= A. W. Underwood =

American man purported to have pyrokinetic abilities

A. William Underwood (born c. 1855) was a young African American man from Paw Paw, Michigan, purported in his time to have pyrokinetic abilities.

In January 1882, Dr. L. C. Woodman of Paw Paw wrote in the Michigan Medical News of Underwood, whose purported abilities had made him a local celebrity:

I have a singular phenomenon in the shape of a young man living here, that I have studied with much interest, and I am satisfied that his peculiar power demonstrates that electricity is the nerve force beyond dispute. His name is Wm. Underwood, aged 27 years, and his gift is that of generating fire through the medium of his breath, assisted by manipulations with his hands. He will take anybody's handkerchief, and hold it to his mouth, and rub it vigorously with his hands while breathing on it, and immediately it bursts into flames and burns until consumed.

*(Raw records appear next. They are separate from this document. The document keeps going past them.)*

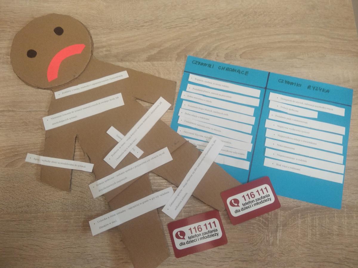 Nasza szkoła dołączyła do akcji Depresja- Rozumiem- Wspieram W ramach tego przedsięwzięcia odbyły się zajęcia z zakresu profilaktyki depresji mające na celu zwiększenie świadomości społecznej. Uczniowie zostali wprowadzeni w temat zajęć: Kiedy świat traci kolory…, następnie odczytywali zapisane na karteczkach objawy depresji i przyczepiali do wyciętego z kartonu konturu człowieka. Podczas tej części zajęć zwrócono uwagę, że depresja jest podstępną chorobą i może przybierać różną postać i dotknąć każdego. W kolejnej części uczniowie zapisywali na kartkach czynniki chroniące nas przed depresją oraz czynniki ryzyka, podawali przykłady, jak zadbać o swój dobrostan psychiczny- poczucie szczęścia i zadowolenia z życia, które dla każdego może oznaczać coś innego. Na zakończenie zajęć poproszono, żeby być uważnym na drugiego człowieka ( koleżankę/kolegę) i w razie potrzeby reagować- zgłosić wychowawcy, psychologowi lub pedagogowi szkolnemu .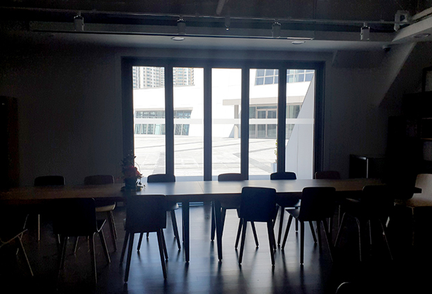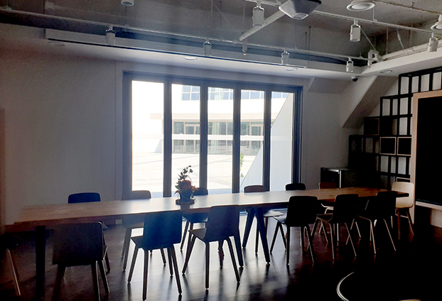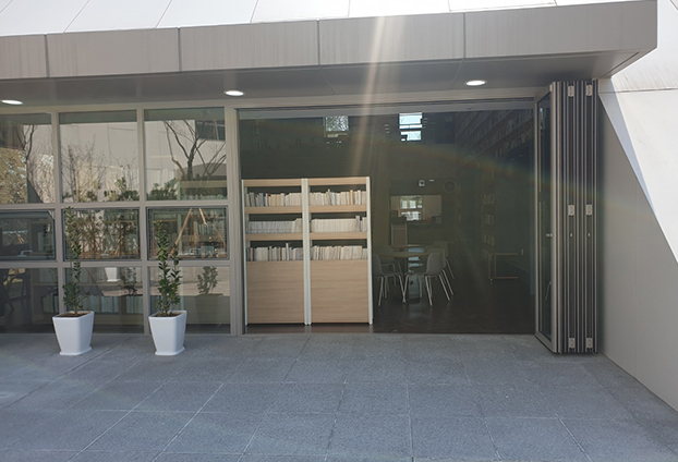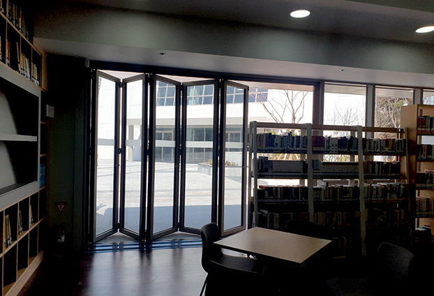 1층에 위치한 북카페로 야외에 있다가 바로 북카페로 들어갈수 있게 폴딩도어를 2곳으로 나누어 5짝씩 총 10짝의 폴딩도어를 시공하였습니다.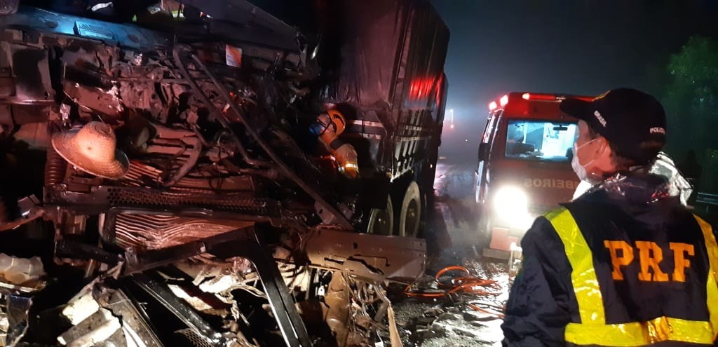 Ainda conforme a PRF, o Chevrolet Monza teria cortado a frente da carreta, que acabou tocando e deixado o veículo atravessado na pista. Posteriormente, ele acabou sendo atingido por um Renault Sandero. Foto: Divulgação/PRF

Woodman claimed to have performed comprehensive scientific testing on Mr. Underwood's abilities, proclaiming them a genuine phenomenon. His story became a topic of discussion in many medical and scientific journals of the day, including Scientific American. Skeptics later suggested that Underwood would hide a small piece of phosphorus in his mouth, then spit it out into a handkerchief. The heat from his breath and rubbing his hands together would ignite the phosphorus, which burns in air at about 30 C. Skeptical investigator Joe Nickell has written that Underwood may have used a "chemical-combustion technique, and still other means. Whatever the exact method—and the phosphorus trick might be the most likely—the possibilities of deception far outweigh any occult powers hinted at by Charles Fort or others."

A century later, the tale of Mr. Underwood was brought to the public eye again as the subject of a 1974 song by musician Brian Eno, entitled "The Paw Paw Negro Blowtorch", from his debut solo album Here Come the Warm Jets.